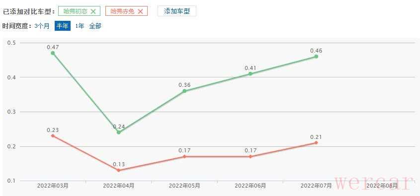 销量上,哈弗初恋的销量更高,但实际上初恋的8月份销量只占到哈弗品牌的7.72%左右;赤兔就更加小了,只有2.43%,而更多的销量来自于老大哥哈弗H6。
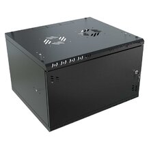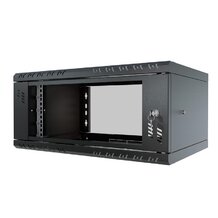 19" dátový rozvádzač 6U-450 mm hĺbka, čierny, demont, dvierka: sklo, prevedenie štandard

---

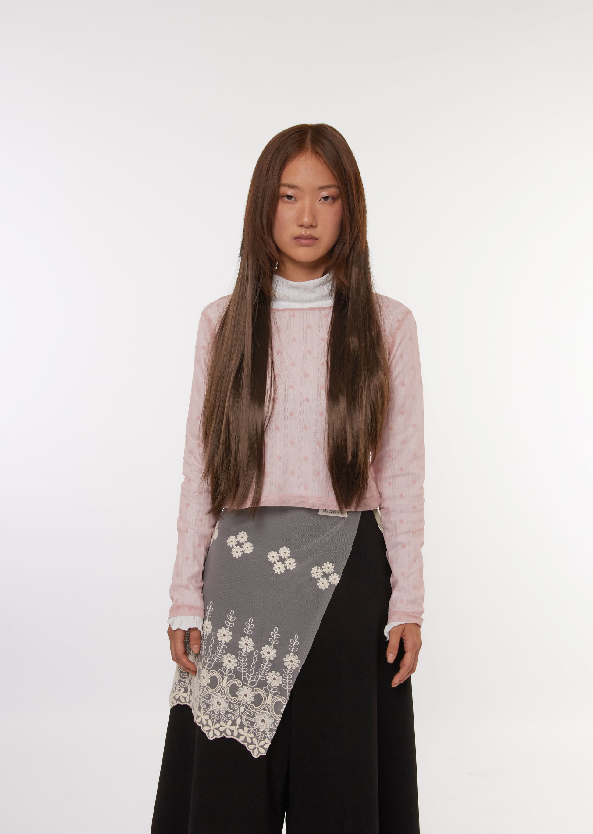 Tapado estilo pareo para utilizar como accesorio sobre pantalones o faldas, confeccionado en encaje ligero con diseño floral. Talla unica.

Assignment: Look back over the records above. Reproduce exactly everything from the line with "销量上,哈弗初恋的销量更高,但实际上初恋" down to the line with "sklo, prevedenie štandard", inclusive, and leave the pictures out.

Written response:
 销量上,哈弗初恋的销量更高,但实际上初恋的8月份销量只占到哈弗品牌的7.72%左右;赤兔就更加小了,只有2.43%,而更多的销量来自于老大哥哈弗H6。
 19" dátový rozvádzač 6U-450 mm hĺbka, čierny, demont, dvierka: sklo, prevedenie štandard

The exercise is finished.